Collection entries
####

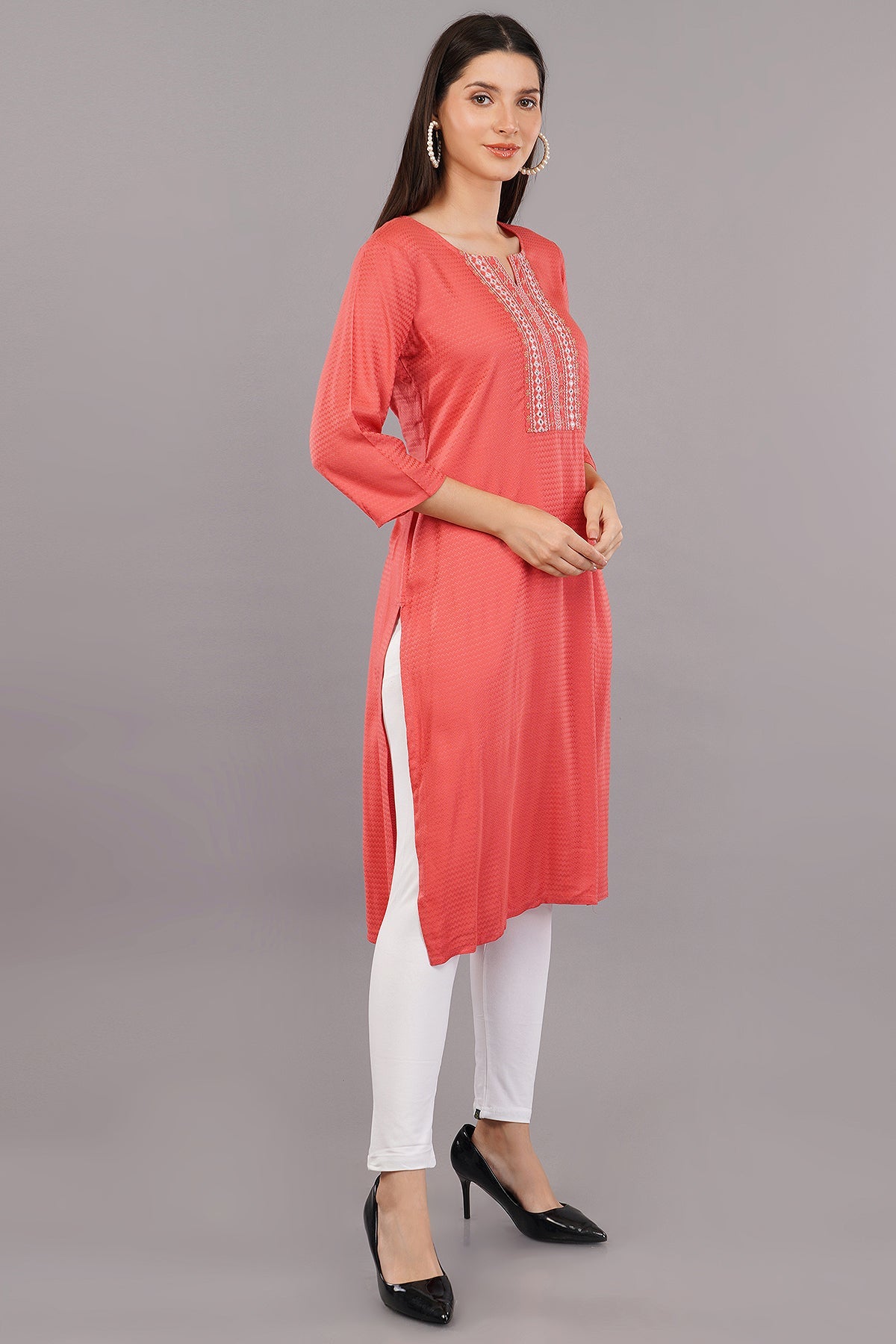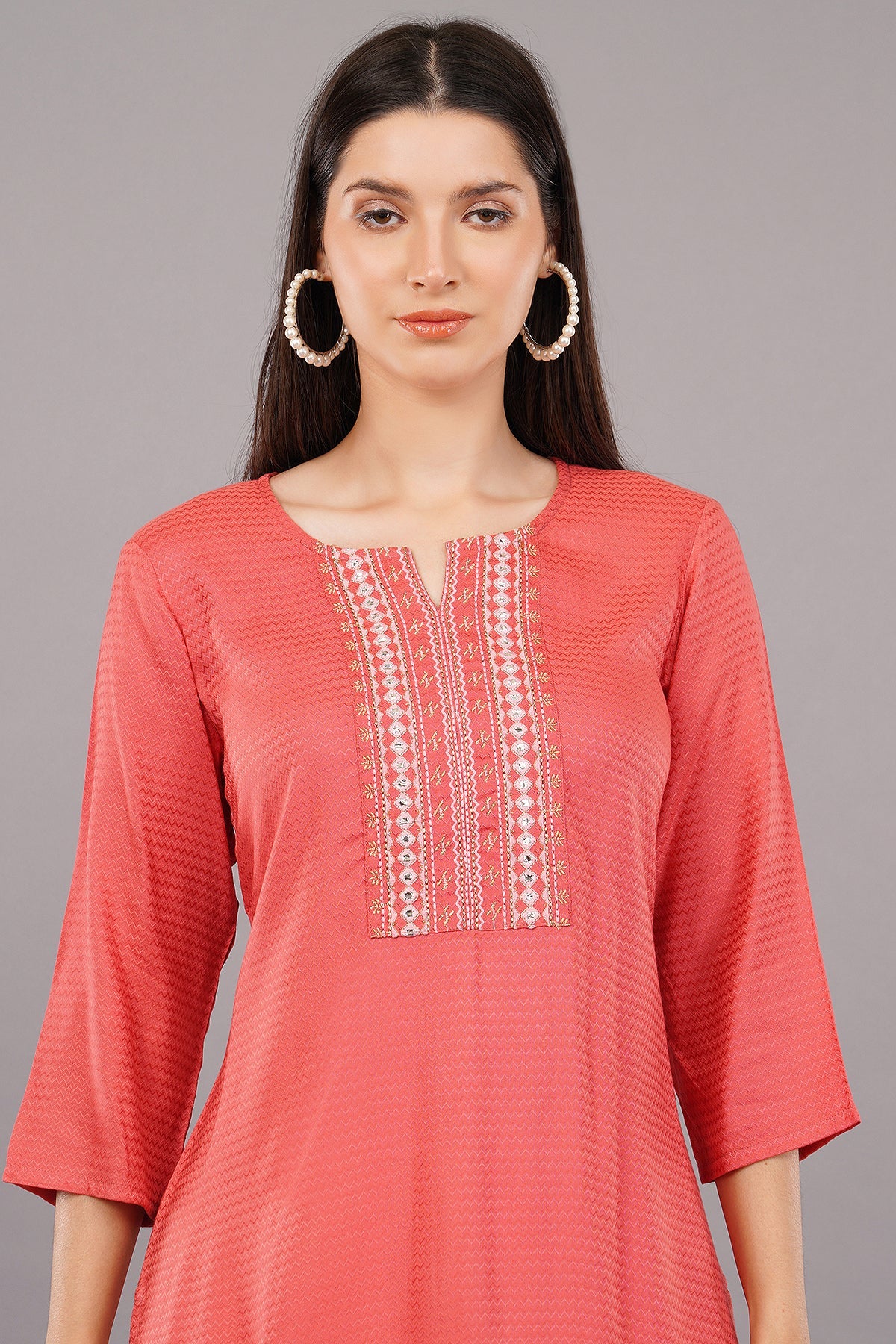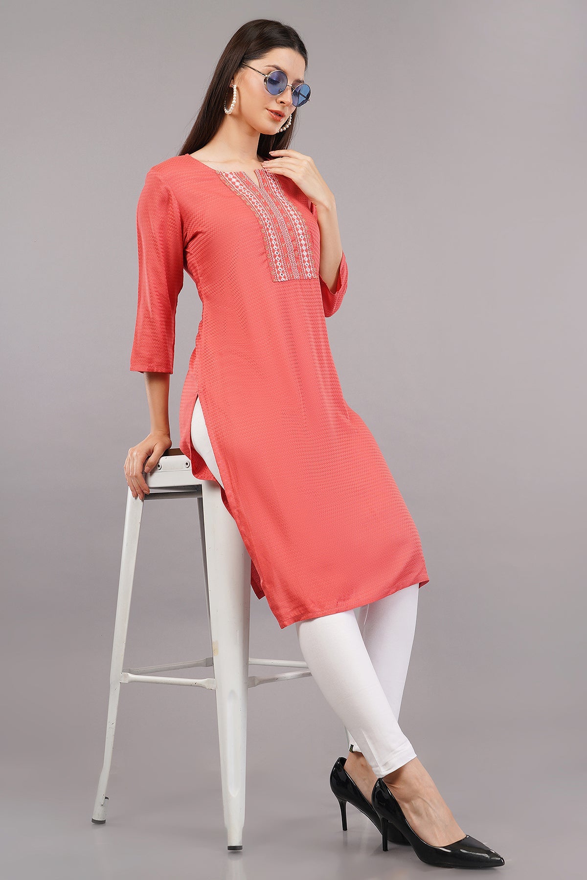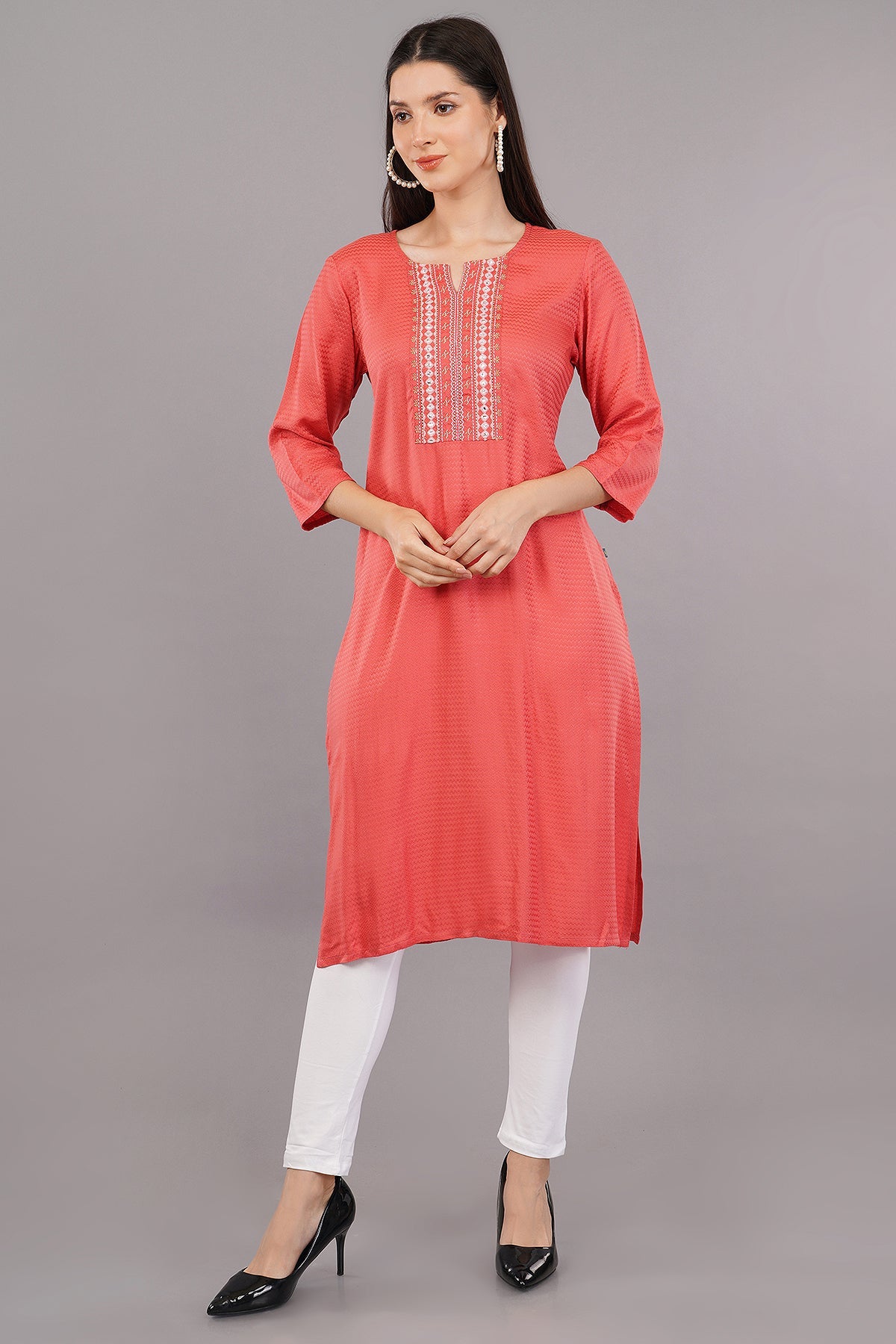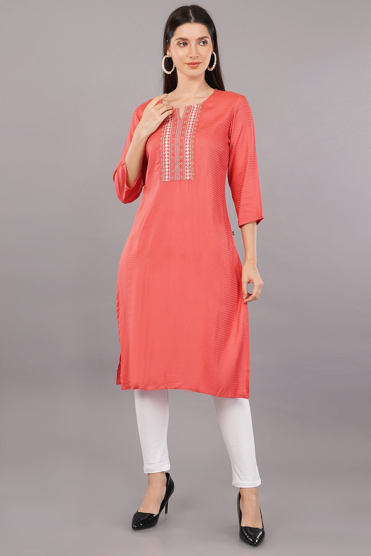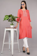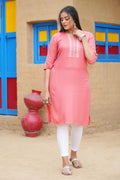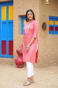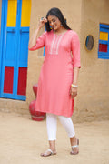 Embroidered Notched-Neck Straight Kurta
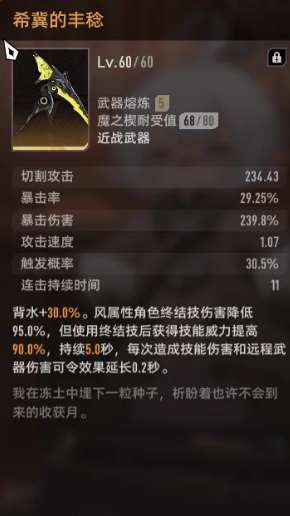 那从实力这一方面来看,也可以对比一下辉珀刃,这一个武器获取真的是一点门槛都没有,新手在走完流程之后就可以获取。后期如果觉得不够用,也可以到卡池里面抽卡获取。对于玩家而言,很适合用来开荒,在暴击的时候就可以有机会提升神智。对于一开始比较缺能量释放技能的新手来说,这就如同是救命稻草,而且这武器一点都不会挑人,不管是哪一个角色都可以用来过渡,真的还是很舒服的。
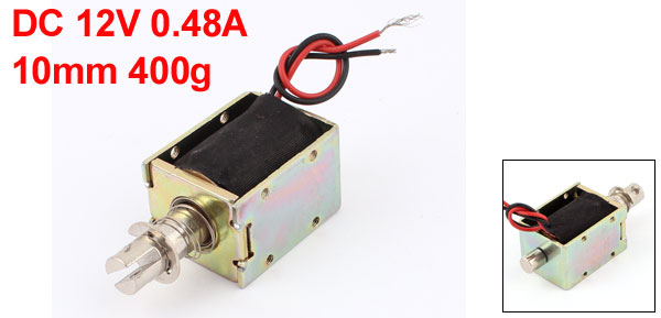 Brand DMiotech Net Weight 152g Rated Voltage DC 12V Country of Manufacture CHINA Package Content 1 x Solenoid Electromagnet Power 5.76W Material Metal Wire Length 8cm/3.2" Stroke Force 10mm 400g Body Size 24 x 29 x 40mm/1" x 1.2" x 1.6"(L*W*T) Current 0.48A - Reviews
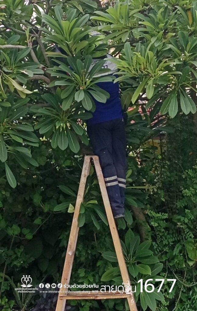 อาสาร่วมด้วยช่วยกัน รับแจ้งจากประชาชนขอความช่วยเหลือกำจัดสัตว์มีพิษอยู่บนต้นไม้ บริเวณใกล้บ้านพัก ถนนเลียบคลองสอง ซอย 21 แขวงบางชัน เขตคลองสามวา กรุงเทพฯ
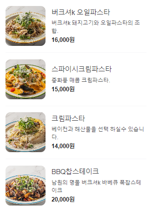 | 파스타류 | 찹스테이크도 있답니다 | 리소토 류 | 피자류(만원?!) |
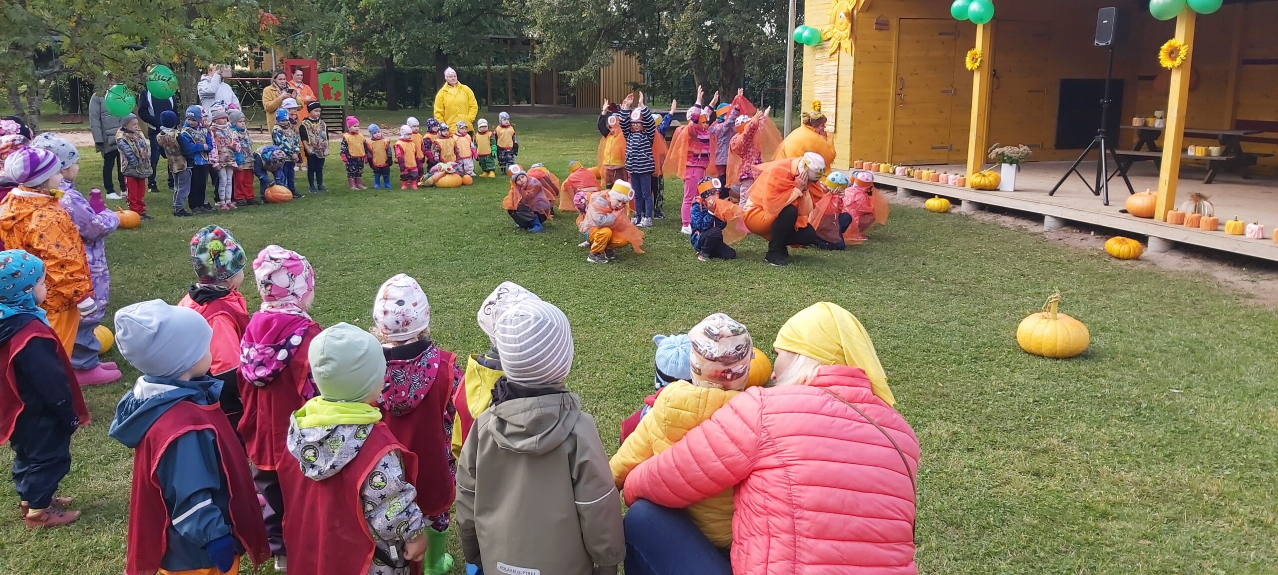 Oh seda laste imestust pärast suvepuhkust lasteaeda tulles! Kõrvitsad olid ajanud oma kasvud puude otsa ja oli näha, et neile seal väga meeldis. Lasteaia õuel kasvav kuusepuu oli nende kõige suurem sõber. Kõrvitsad õitsesid kuuse küljes ja hakkasid ka vilja kandma. Lapsed käisid kõrvitsaid kastmas ja vaatamas, kuni ühel päeval küsisid: „Kas see on kõrvitsapuu?“ Kuna lapsed tundsid kõrvitsate vastu suurt huvi, otsustasimegi septembri pühendada kõrvitsatele.

####

#### Assigned task:
Repeat the exact lines from the first line of the data through the line containing "류 | 피자류(만원?!) |". Nothing else, no pictures.

#### Response below:
 Embroidered Notched-Neck Straight Kurta
 那从实力这一方面来看,也可以对比一下辉珀刃,这一个武器获取真的是一点门槛都没有,新手在走完流程之后就可以获取。后期如果觉得不够用,也可以到卡池里面抽卡获取。对于玩家而言,很适合用来开荒,在暴击的时候就可以有机会提升神智。对于一开始比较缺能量释放技能的新手来说,这就如同是救命稻草,而且这武器一点都不会挑人,不管是哪一个角色都可以用来过渡,真的还是很舒服的。
 Brand DMiotech Net Weight 152g Rated Voltage DC 12V Country of Manufacture CHINA Package Content 1 x Solenoid Electromagnet Power 5.76W Material Metal Wire Length 8cm/3.2" Stroke Force 10mm 400g Body Size 24 x 29 x 40mm/1" x 1.2" x 1.6"(L*W*T) Current 0.48A - Reviews
 อาสาร่วมด้วยช่วยกัน รับแจ้งจากประชาชนขอความช่วยเหลือกำจัดสัตว์มีพิษอยู่บนต้นไม้ บริเวณใกล้บ้านพัก ถนนเลียบคลองสอง ซอย 21 แขวงบางชัน เขตคลองสามวา กรุงเทพฯ
 | 파스타류 | 찹스테이크도 있답니다 | 리소토 류 | 피자류(만원?!) |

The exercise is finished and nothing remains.